Qui a été tué : des civils ou des jihadistes ? Pour Human Rights Watch, majoritairement des civils. Dans un rapport publié hier, l'ONG estime que 300 personnes ont ainsi été exécutées de façon sommaire et sans distinction. Si ces faits sont confirmés, il s'agirait de la pire atrocité de ce conflit qui ronge le Mali depuis dix ans.

Pour Bamako ce sont des jihadistes qui ont été ciblés et tués. Le 1er avril, l'armée malienne revendique "une opération nettoyage" de grande envergure à Moura et la mort de 203 terroristes. La presse favorable à la junte au pouvoir salue "une victoire éclatante" ; face aux mises en cause de plus en plus nombreuses, l'état-major dénonce mardi 5 avril dans un nouveau communiqué des "spéculations diffamatoires".

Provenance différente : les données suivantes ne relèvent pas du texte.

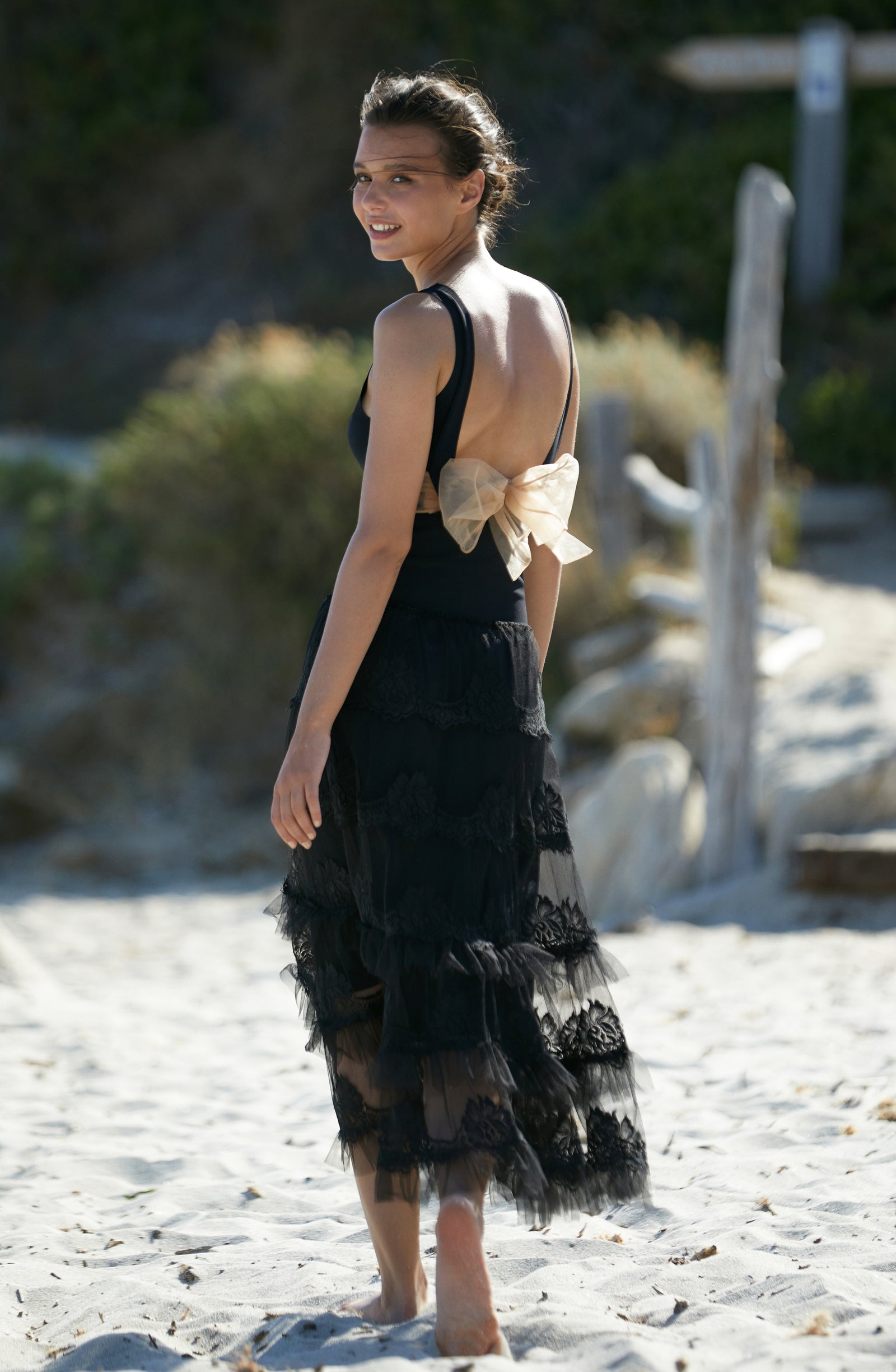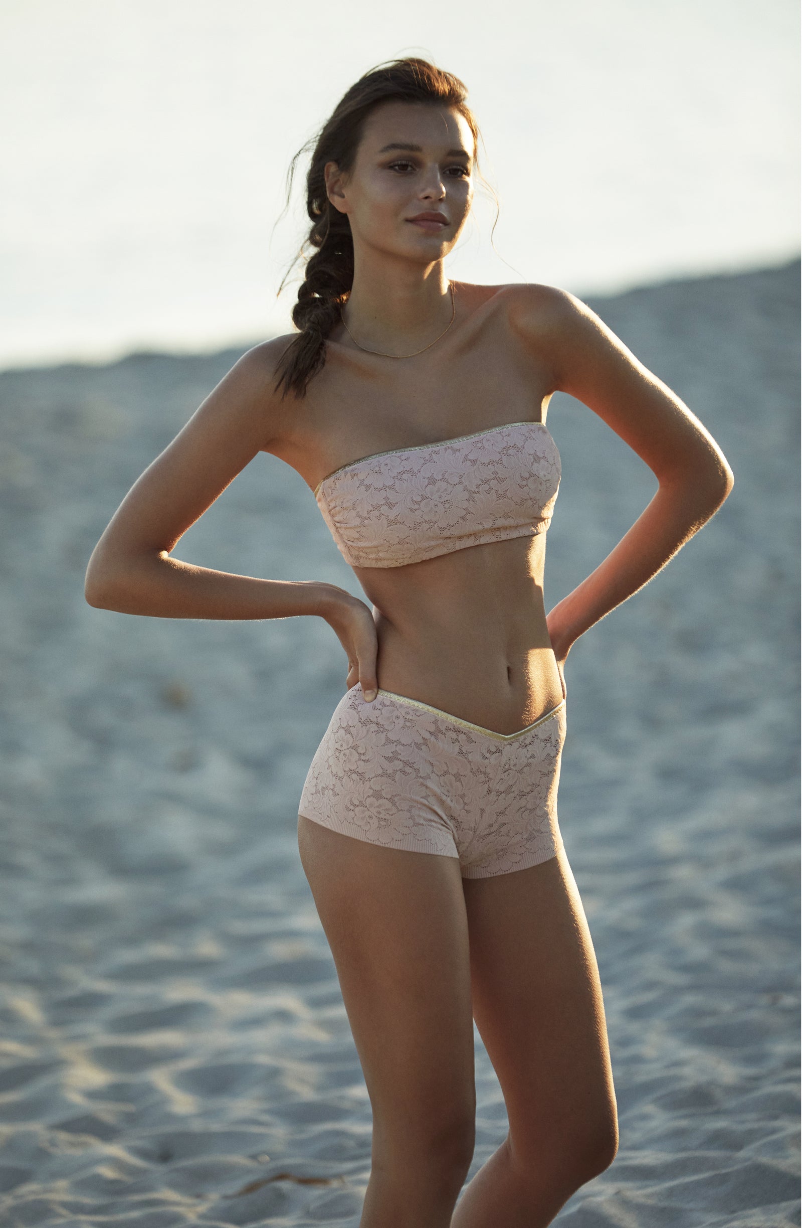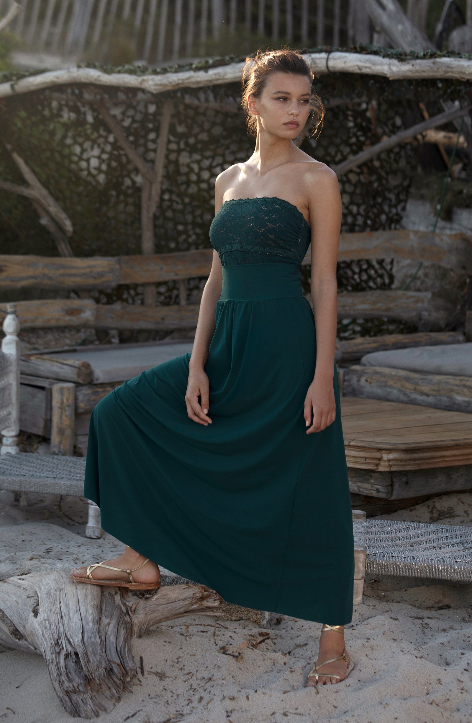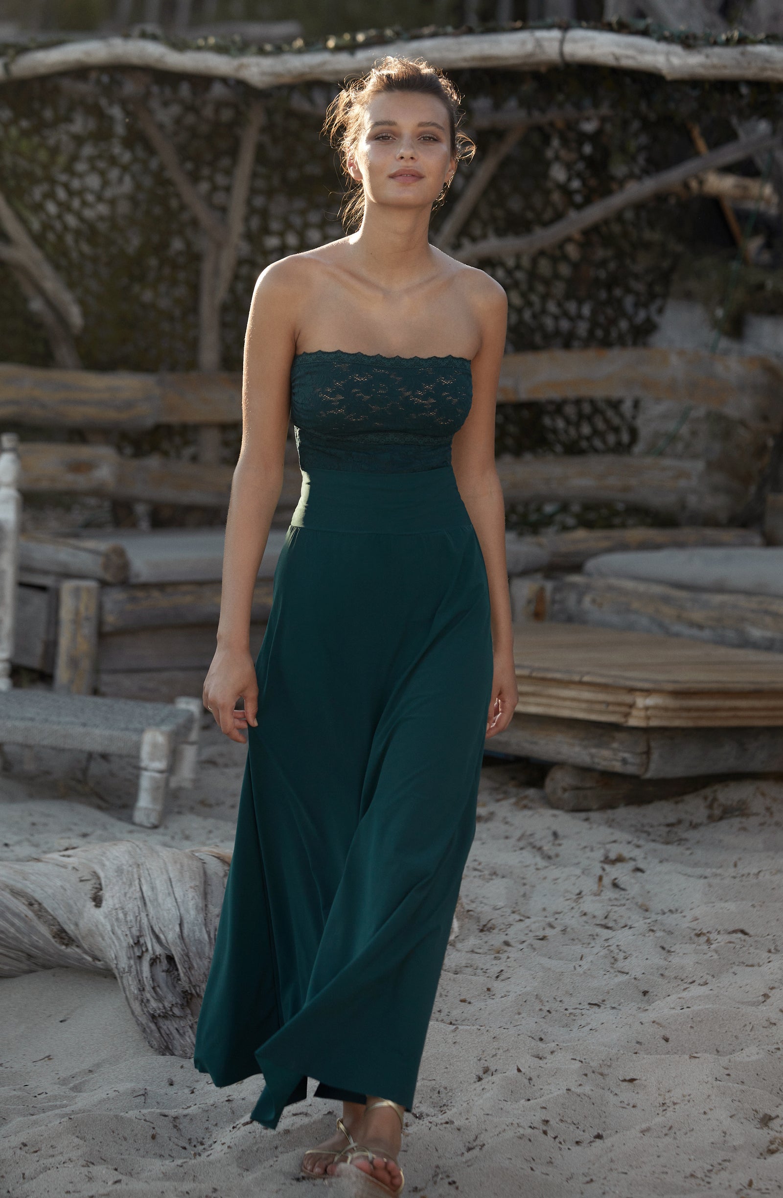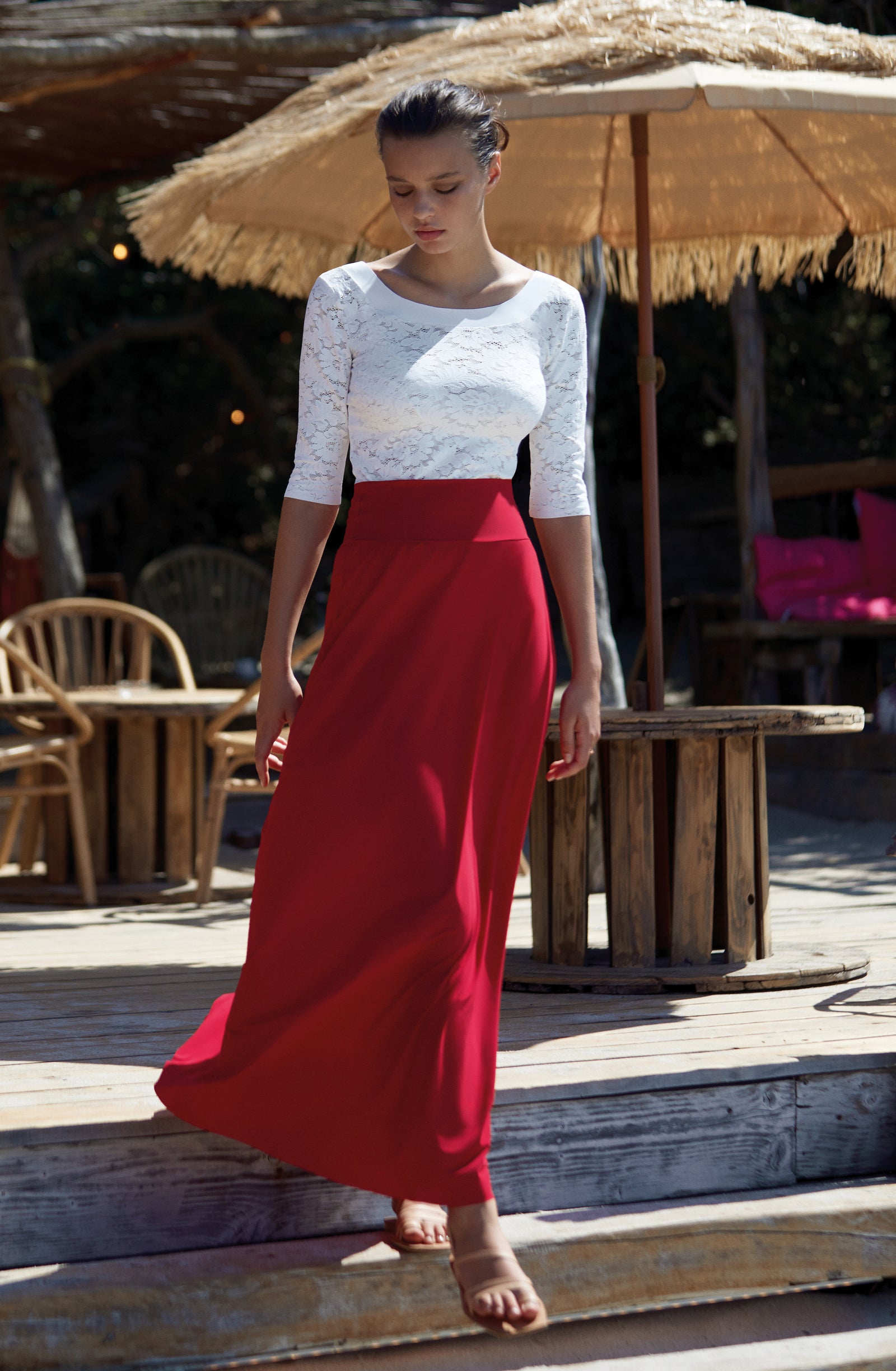 Relentless waves. Crashing waves. The sea, this eternal rebel, sets the pace of our summer days. Let’s go with the flow… Start the day with a sun salutation wearing a sports bra and lace trousers with tonic colours. The burning sand under our feet reminds us that summer is here. The suntanned and shimmering skin can be wrapped in a vintage floral print silky kimono, flowing second-skin opaque voile outfits: dresses and back crossed jumpsuits, deep V-necklines, short flimsy tops… Shoulders are bare under the blazing sun, in lace strapless tops and divine long skirts. Then as an awakening, with the sea echoing, time slows down. One more dance on the beach, when the night is falling, to make our lace petticoats swirl and remove the froth on the daydream.

Selon les survivants du massacre interrogés par Human Rights Watch et différents médias français, les militaires blancs qui ont investi le village au côté des forces armées maliennes parlaient une langue inconnue, qui n'était pas le français. Or les services occidentaux estiment qu'environ 1 000 mercenaires russophones de la société militaire privée Wagner sont à l'oeuvre au Mali, depuis que la junte qui promet de reprendre la main sur le territoire, est en froid avec la France et ses alliés et qu'elle s'est rapprochée de Moscou.

Saura-t-on un jour ce qui s'est vraiment passé ? Paris et Washington qui se disent "gravement préoccupés" demandent l'ouverture d'enquêtes nationale et internationale. Mais les autorités empêchent par exemple les enquêteurs de la Minusma, la force de l'ONU sur place, d'accéder au village.

Comme l'an dernier, après la frappe contestée de l'armée française sur le village de Bounti, qui avait tué 22 personnes, deux versions contradictoires vont continuer à s'opposer. Sur le terrain les affaires continuent. Selon des sources locales, dès vendredi dernier les jihadistes avaient repris leurs prêches à Moura.